Task description: Pictures stay out of the copy, which must hold exactly the lines from the one containing "and carry comfort" through the end of the material below.

Data for the task:
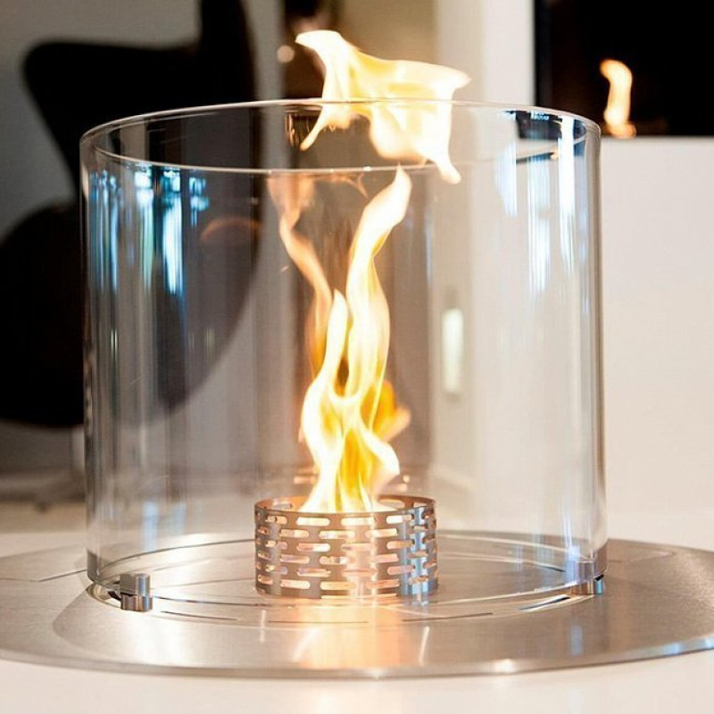 Стеклянный цилиндр толщиной 8 мм, окружающий горелку, не помешает любоваться живым огнем. Наоборот, защитит его от сквозняков и не допустит затухания. В горелке реализована технология CEVB (контролируемое горение паров биоэтанола), это обеспечивает экономичность камина и безопасность для пользователей.
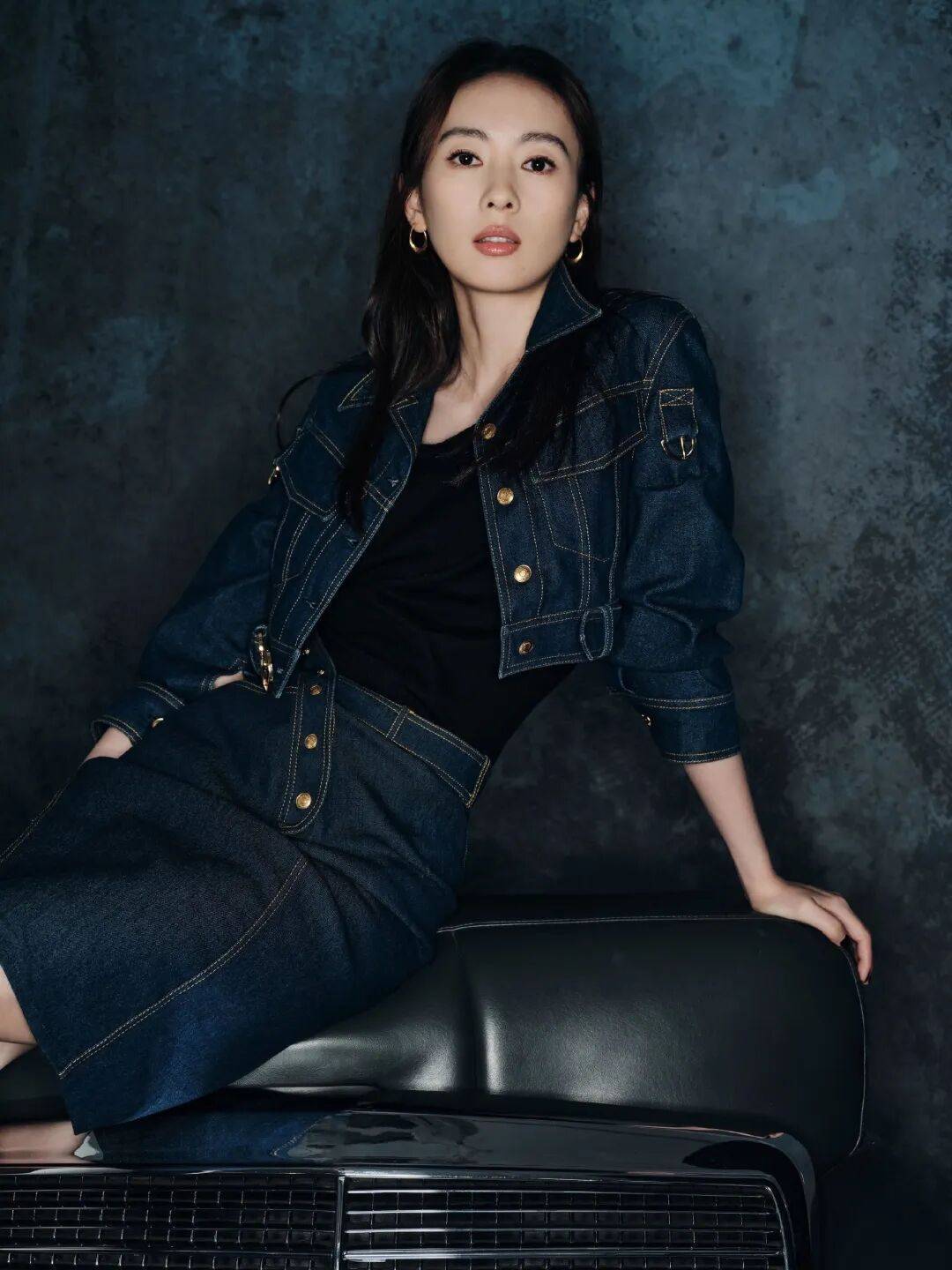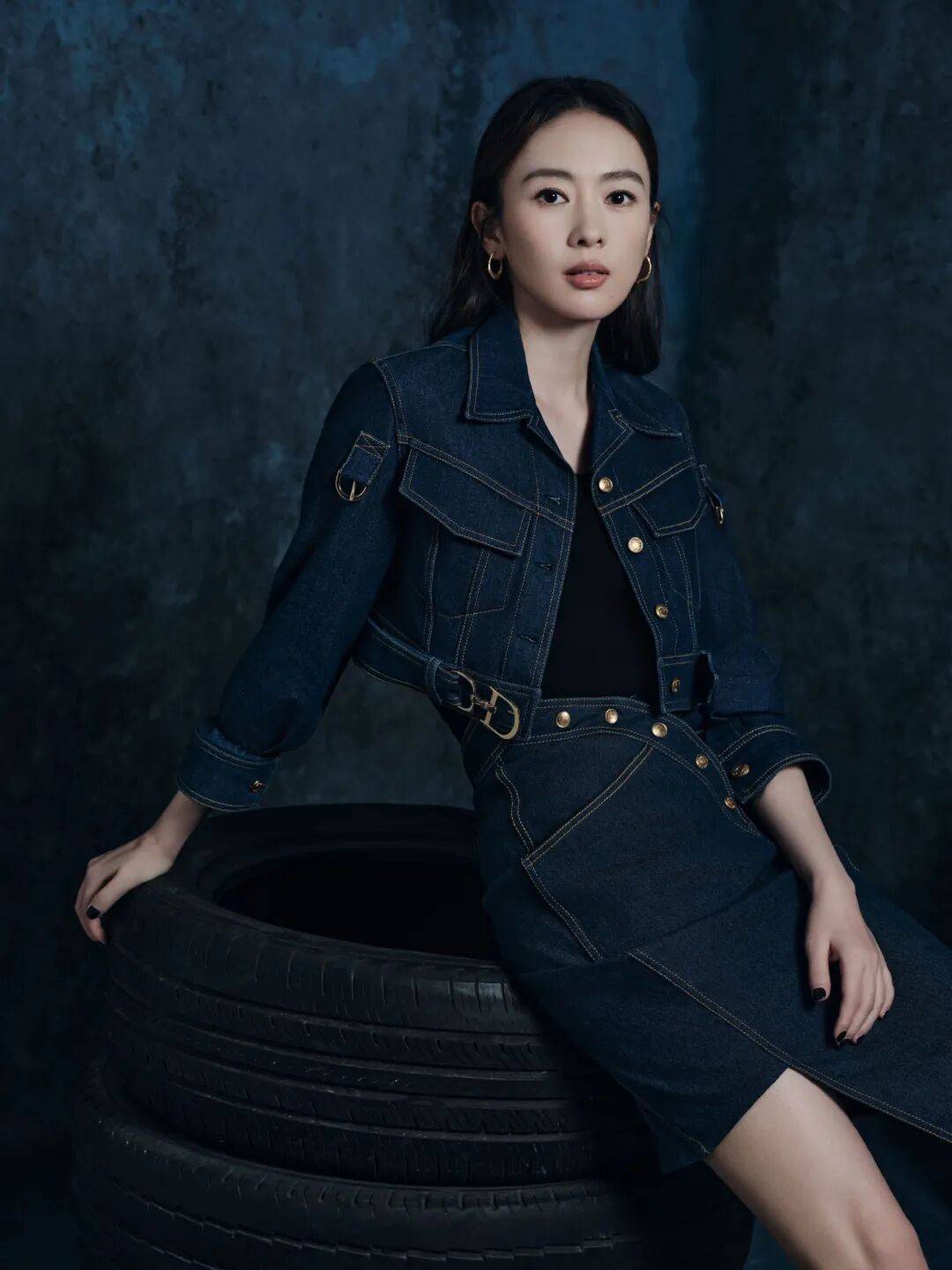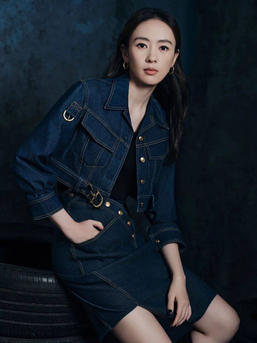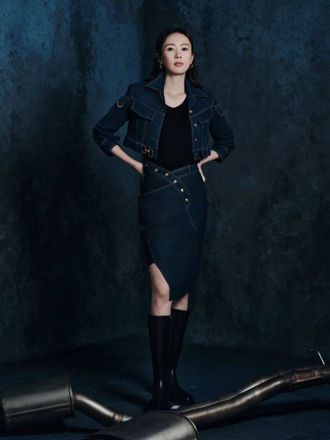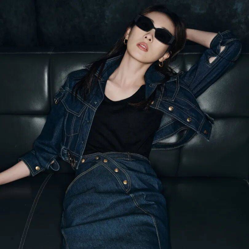 引擎呼啸极速狂飙,一袭深蓝色牛仔套装,别致剪裁展现不凡品位,于机械轰鸣中释放随性魅力。
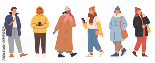 Winter Fashion People Concept with Male and Female Characters Dressed in Warm Seasonal Clothing Standing Isolated on White Background for Cold Weather Style Illustration
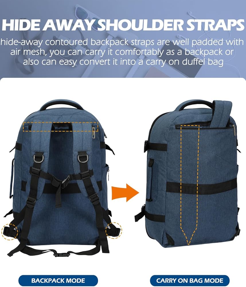 【Comfortable to Carry】hide-away contoured travel weekend backpack straps are well padded with air mesh, can carry it comfortably as a carry on backpack or also can easy convert it into a travel duffel bag; provide 4 carrying options for travelers' multiple alternatives; there is 1 sternum strap that adjusts lengthwise and slides up and down the shoulder straps, and 1 adjustable waist strap designs for stabilization and carry comfort
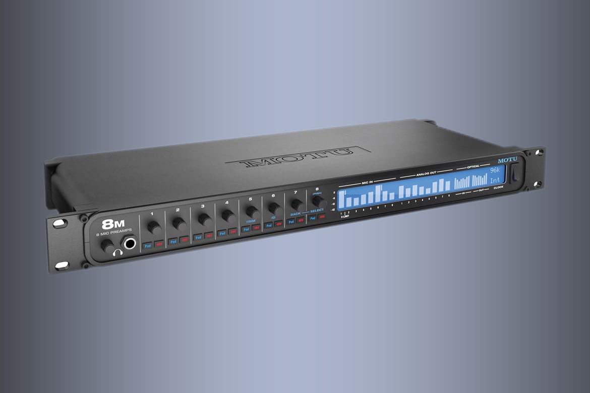 The MOTU 8M is designed for studio recording, installed sound, and live sound reinforcement applications such as mixing a band in a club or music venue. The 1U 19" rackmountable device features eight balanced combination microphone/line/instrument inputs with individually switchable +48V phantom power and pads, v-limiting circuitry to prevent clipping, 8 analog outs, one front panel stereo headphone output with gain control, 2 x 8-channel ADAT optical, and RCA S/PDIF (with sample rate conversion). Additional I/O can be added to the system through AVB networking.

Exercise response:
 【Comfortable to Carry】hide-away contoured travel weekend backpack straps are well padded with air mesh, can carry it comfortably as a carry on backpack or also can easy convert it into a travel duffel bag; provide 4 carrying options for travelers' multiple alternatives; there is 1 sternum strap that adjusts lengthwise and slides up and down the shoulder straps, and 1 adjustable waist strap designs for stabilization and carry comfort
 The MOTU 8M is designed for studio recording, installed sound, and live sound reinforcement applications such as mixing a band in a club or music venue. The 1U 19" rackmountable device features eight balanced combination microphone/line/instrument inputs with individually switchable +48V phantom power and pads, v-limiting circuitry to prevent clipping, 8 analog outs, one front panel stereo headphone output with gain control, 2 x 8-channel ADAT optical, and RCA S/PDIF (with sample rate conversion). Additional I/O can be added to the system through AVB networking.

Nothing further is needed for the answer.